# Let me get this right!? Sable question



## CertainlySpoiled (Dec 2, 2007)

Sable I know has to do with coloring, so...When I rub Emmas fur up it appears to be half light near the roots and black at the end, but when her fur is brushed correctly she looks total black on her back, so doe that make her sable? I'm so sorry for all the sable questions, I'm just trying to make sure she's sable or something else!


----------



## shepherdbydesign (Mar 7, 2007)

If you look at the pictures that I just posted of Fantom and Spirit. They are sables. Fantom is a black sable and Spirit is kind A cross between Ghost and Cira. Hope this helps


----------



## CertainlySpoiled (Dec 2, 2007)

Thanks chuck!


----------



## CertainlySpoiled (Dec 2, 2007)

This is Emma about a month ago, don't know if you can really tell though!?!? If she would be considered Sable or not??


----------



## Brightelf (Sep 5, 2001)

Blanket black-and-tan, with some paling of undercoat? What a beautiful girl she is, too!!


----------



## CertainlySpoiled (Dec 2, 2007)

Thanks Patti...funny thing is, is that she knows how pretty she is, and loves to flaunt it!! lol, got to love those personalities!


----------



## mastercabman (Jun 11, 2007)

i think she is more like black and tan. not sable.


----------



## Liesje (Mar 4, 2007)

I would call that a blanket black and tan. "Blanket" meaning there is more coverage of black than just the nose and the saddle, but not enough to be a true bi-color.


----------



## Chris Wild (Dec 14, 2001)

Yes, she is a blanket black and tan. Not a sable.


----------



## CertainlySpoiled (Dec 2, 2007)

Thanks everyone....I'm just wondering how much of that black is going to fade away as she gets bigger? Like I mentioned above, when her fur is rubbed up, there is a lot of white/tan below all that black, will that eventually come through? Not that it matters, I'm going to love her and accept any color she may be, and to me she will always be beautiful.


----------



## lhczth (Apr 5, 2000)

How old is she?


----------



## Fodder (Oct 21, 2007)

> Originally Posted By: Jenniferky Like I mentioned above, when her fur is rubbed up, there is a lot of white/tan below all that black, will that eventually come through?

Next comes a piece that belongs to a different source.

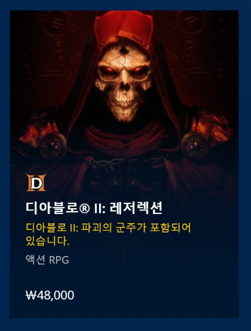 다아블로2 리마스터 / 레저렉션의 가격은 확장팩 파괴의 군주를 포함한 48,000원으로 배틀넷을 통해 구매 할 수 있습니다. pc버전과 콘솔버전이 2021년 중 출시 될 것 이라고 하는데. 늦여름이나 초가을쯤이 아닐까 예상됩니다.

the light hairs you're seeing is her undercoat. (unless you actually pluck a black hair and the root of that same hair is light.) on a sable dog its the individual hairs that are dark at the tips.

my female is a bi color (90% black) but when i run her fur in the opposite direction, or when i brush her, her undercoat is shorter and lighter hairs.

i took this photo at night and the flash reveals what i'm talking about. generally she appears black, but in this photo you can see around her neck, behind the ears and across her shoulders where the hairs are light.










by the way, her color did not set until she was 1yr. but minimal changes (that only i'd notice) after 10months.


----------



## CertainlySpoiled (Dec 2, 2007)

> Originally Posted By: lhczthHow old is she?


She will be a whole 10 months on May 11th


----------



## Fodder (Oct 21, 2007)

> Originally Posted By: Jenniferky
> 
> 
> > Originally Posted By: lhczthHow old is she?
> ...


then her color is pretty much set. ive heard that sables can change up until two... but all the other varieties pretty much stay the same from this point on. you'll notice a slight variation tho around the time she blows her coat. my girl (pictured above) if VERY black just after shedding, and as you see her during other times (that photo was taken last winter)


----------



## VKristallaugen4 (Oct 5, 2005)

Definitely black/tan, and a lovely girl too


----------